Wednesday, June 30, 2004


Just wanted to let you I peruse the hundreds of headlines today I am struck by the astonishinly negative tone applied to an equally astonishing bit of history transpiring before our eyes.

I'm seeing headlines referring to Tuesday, the day after Mr. Bremer handed the reins to Prime Minister Allawi, and those headlines read "No Celebrations Seen in Baghdad On Day After Power Transfer", and "Just Another Day in Baghdad".

Of course, these are headlines come from many of the same news outlets who, six, eight, or more months ago were editorializing that the US needed to turn Iraq over to the Iraqis with all due haste...

I don't need to reiterate my loathing for the agenda driven media. You know it well and many of you share it.

So...once again, here I am, in a tiny room in Germany, with only my internet connection through which to view the happenings in Iraq, and I am able to find the stories that appear to elude the half-assed efforts of Reuters, AP, CNN et al.

Consider these words, written by an Iraqi.
Some of us were celebrating regaining sovereignty, some were celebrating the end of occupation, others were happy because they think the new government will bring safety and order. I was celebrating a new and a great step towards democracy, but we were all joined by true hope for a better future and by the love we have for Iraq.

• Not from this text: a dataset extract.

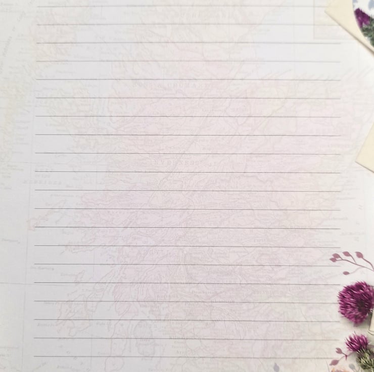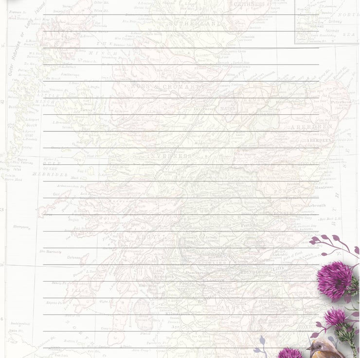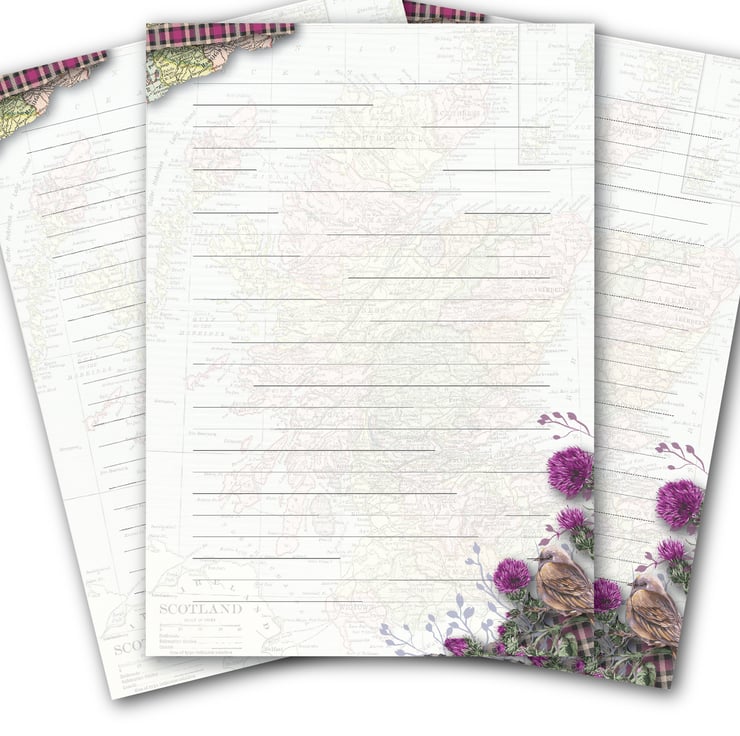 A set of 10 sheets of A5 size handmade letter writing / notepaper set with a pretty tartan and thistle corner detail over an old map of Scotland in thebackgound.

After wards we sat for a while discussing different matters. The hall was busy and everyone was chatting and laughing loud. They had Al-Jazeera on (something I never managed to convince them to stop doing). Then suddenly Mr. Bremer appeared on TV reading his last speech before he left Iraq. I approached the TV to listen carefully to the speech, as I expected it to be difficult in the midst of all that noise. To my surprise everyone stopped what they were doing and started watching as attentively as I was.

The speech was impressive and you could hear the sound of a needle if one had dropped it at that time. The most sensational moment was the end of the speech when Mr. Bremer used a famous Arab emotional poem. The poem was for a famous Arab poet who said it while leaving Baghdad. Al-Jazeera had put an interpreter who tried to translate even the Arabic poem which Mr. Bremer was telling in a fair Arabic! “Let this damned interpreter shut up. We want to hear what the man is saying” One of my colloquies shouted. The scene was very touching that the guy sitting next to me (who used to sympathize with Muqtada) said “He’s going to make me cry!”

Then he finished his speech by saying in Arabic,”A’ash Al-Iraq, A’ash Al-Iraq, A’ash Al-Iraq”! (Long live Iraq, Long live Iraq, long live Iraq).

I was deeply moved by this great man’s words but I couldn’t prevent myself from watching the effect of his words on my friends who some of them were anti-Americans and some were skeptic, although some of them have always shared my optimism. I found that they were touched even more deeply than I was. I turned to one friend who was a committed She’at and who distrusted America all the way. He looked as if he was bewitched, and I asked him, “So, what do you think of this man? Do you still consider him an invader?” My friend smiled, still touched and said, “Absolutely not! He brought tears to my eyes. God bless him.”

Another friend approached me. This one was not religious but he was one of the conspiracy theory believers. He put his hands on my shoulders and said smiling, “I must admit that I’m beginning to believe in what you’ve been telling us for months and I’m beginning to have faith in America. I never thought that they will hand us sovereignty in time. These people have shown that they keep their promises.”
As always, I just thought you'd like to know what your media won't show you if they can help it.

Click through and read his entire piece.

UPDATE: Here is someone who says it all much better than I can.
Not to pick on Sherman, but she's a convenient example of how schadenfreude sometimes masquerades as diplomacy. Loosely translated, here's what Sherman was really saying:

Bush overthrew a brutal dictatorship; arrested and detained Saddam Hussein, soon to be handed over to Iraqi courts; killed the tyrant's murderous sons; restored or invented infrastructure while safeguarding Iraq's oil wells; and created and installed a new provisional government in just over a year following 13 chaotic months of insurgent attacks, with little international support and daily assaults by the media and the far left, while apparently preventing new terror attacks on American soil.

But he's got to go. Why? Well, because he's a Republican.

Even as I type, a CNN Insta-poll says a majority of Americans have little faith in Iraq's future. Yet another recent poll of 2,200 Iraqi households by an Iraqi firm offers a different perspective: Half of Iraqis interviewed believe Iraq is headed in the right direction; 65 percent think Iraq will be better off a year from now; 73 percent "believe the handover of authority to the Interim government will improve the current situation."

Such optimism following decades of tyranny, war and terror may be explained several ways, including the fact that Iraqis lived the war rather than had it interpreted for them by the American media. And possibly, they've caught wind of their reborn nation's new administrative law, which establishes inter alia that the people of Iraq are sovereign and free with rights of free expression, justice, thought and conscience.

Pretty heady stuff. Maybe the word will spread to others who need to hear it, including many in the United States.